Neuer Mann – neues Glück?

1. KAPITEL

„Peachy Acres ist ein blöder Name“, murrte Drew auf dem Rücksitz.

Danke, Mr. Optimismus. Mackenzie Green, beherzte alleinerziehende Mutter und Besitzerin eines Minivans, der älter war als ihre neunjährigen Zwillinge, seufzte leise.

Kenzie konnte die Traurigkeit ihres Sohnes über den Umzug nachempfinden. Dennoch, seine Abwehrhaltung machte die vierstündige Fahrt von Raindrop, North Carolina, nach Atlanta, Georgia, gefühlsmäßig zu einer endlosen Odyssee quer durchs Land. Zu einer Reise ins Unbekannte.

Hinter Kenzie saß Leslie. Ihre Stimme nahm einen schulmeisterlichen Ton an. „Wahrscheinlich heißt die Wohnanlage Peachy Acres, weil der Spitzname für Georgia ‚Peach State‘ – Pfirsichstaat – ist“, belehrte sie ihren Bruder.

Drew zeigte sich unbeeindruckt. „Schlauberger. Ich hasse es, wenn du so redest, als wärst du älter als ich. Wir sind gleich alt!“

„Ein Mensch muss nicht älter sein, um klüger zu sein.“

„Es reicht!“ Kenzie holte tief Luft. Nur die Liebe zu ihren Kindern hielt sie davon ab, sie für den Rest der Fahrt auf dem Dach des Vans festzubinden. „Hört auf zu streiten.“

Kenzie verspürte immer leichten Neid, wenn sie von unzertrennlichen Zwillingen hörte. Es wäre schon ein Segen, wenn sich ihre Kinder mal einen Tag nicht stritten. Verdammt, eine Stunde. Heute war es besonders schlimm. Die Kinder waren angespannt, weil sie von ihrem Zuhause hatten Abschied nehmen müssen.

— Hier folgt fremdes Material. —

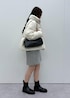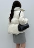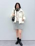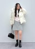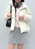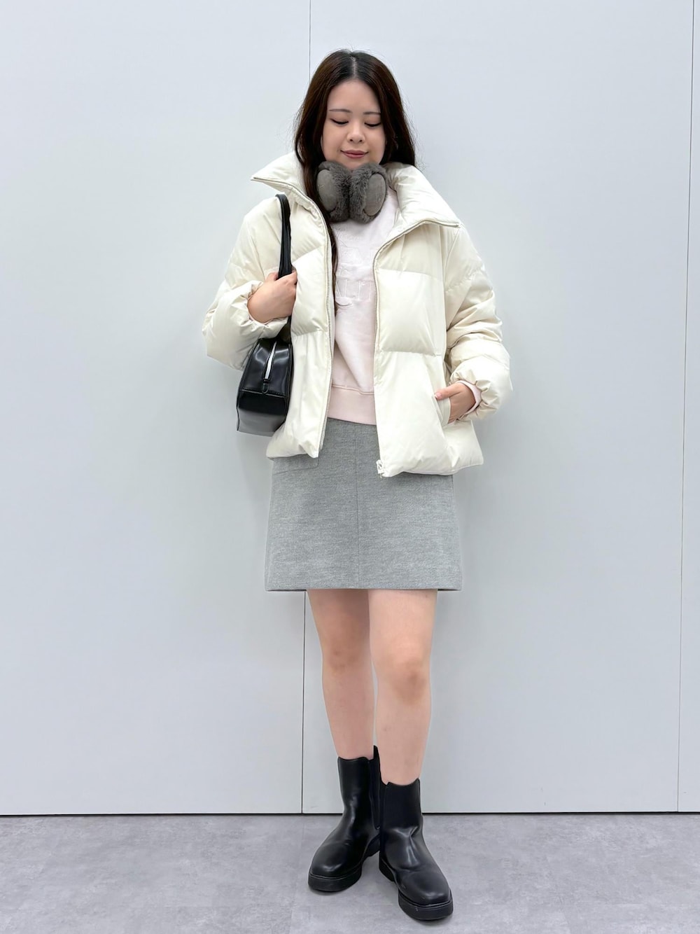 韓国っぽさを意識したスタイリング。ショートダウンとミニスカートのバランス、イヤマフのプラスワンがトレンド感を演出してくれます。

Leslie lenkte sich ab, indem sie in einem Jugendlexikon über Georgia zu Zeiten des Amerikanischen Bürgerkriegs las, obwohl ihr beim Lesen während der Autofahrt häufig schlecht wurde. Drew versteckte seit dem Frühjahr seine Traurigkeit hinter zunehmend aggressivem Verhalten. Würde ihm das neue Umfeld, die Chance auf einen Neuanfang guttun? Oder würden sich Kenzies Schwierigkeiten mit ihrem Sohn nur noch verschärfen?

Sie hatte lange überlegt, ob sie das Angebot ihres Arbeitgebers, nach Georgia zu wechseln, annehmen sollte. Doch die große Filialbank in Atlanta bot viel mehr berufliche Möglichkeiten als die kleine Zweigstelle in Raindrop. Hier bekam Kenzie die Möglichkeit, als Darlehensberaterin zu arbeiten, was mit einem wesentlich höheren Gehalt verbunden war.

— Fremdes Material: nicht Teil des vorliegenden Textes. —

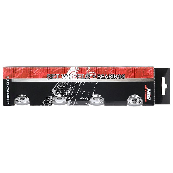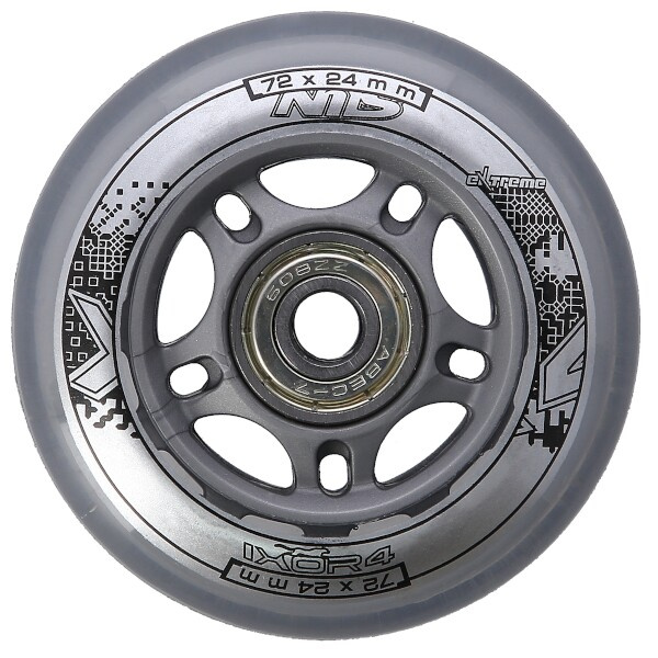 Sestava čirých PU koleček NILS Extreme o velikosti 72 mm a šířkou 24 mm, s ložisky ABEC 7 jsou vyrobeny z polyuretanu, což je kvalitní a odolný materiál. Tvrdost koleček 82A je ideální hodnotou pro pohlcování nerovností, při zachování vysoké přilnavosti k podkladu, takový zlatý střed. Kolečka jsou čiré a mají lehce grafický design v černo šedé barvě. Každé kolečko je osazeno dvěma ložisky ABEC 7 pro plynulou jízdu.

Ein weiterer Pluspunkt war, dass ihre Schwester in Atlanta lebte. Auch wenn sie sich als Kinder nicht nahegestanden hatten, würde es Kenzie und auch ihren Kindern guttun, Familie in der Nähe zu haben. Eine nette, gefestigte Familie.

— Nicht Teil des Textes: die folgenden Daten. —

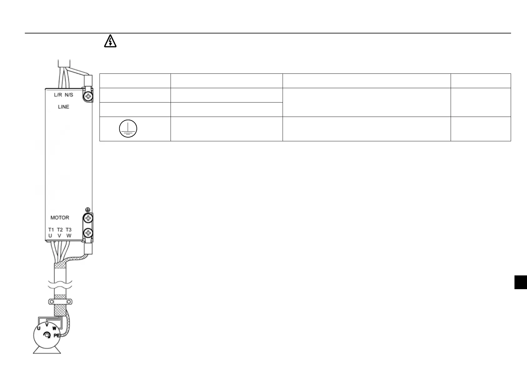 주 : 입력 전원이 맞는지 확인하십시오 ! 입력 전압이 115VAC 인 ACS55 유닛에 230 VAC 를 인가하면 드라이브가

Außerdem freute Kenzie sich auf die neue Schule der Kinder.

In der winzigen Grundschule in Raindrop, mit Lehrern, die fast alle kurz vor der Pensionierung standen, war die begabte Leslie nicht ausreichend gefördert worden. Und Drews Lehrerin, die nur noch ein Jahr vor sich hatte, fehlte die Energie, Drews Wutausbrüchen in der Klasse mit Geduld zu begegnen. Nicht, dass Kenzie Mrs. Miller für Drews Verhaltensprobleme verantwortlich machte.

Seit letztem Frühjahr war Drew im außerschulischen Sport sehr aktiv. Und hier war er von Vätern umgeben, die die Teams ihrer Kinder coachten oder freiwillig am Getränkestand arbeiteten. Von Vätern, die jubelten, wenn ihre Söhne beim Fußball ein Tor erzielten oder beim Baseball den Ball ins Outfield schlugen. Dass sein eigener Vater trotz aller Versprechen nie zu einem Spiel kam, darunter litt der Junge sehr.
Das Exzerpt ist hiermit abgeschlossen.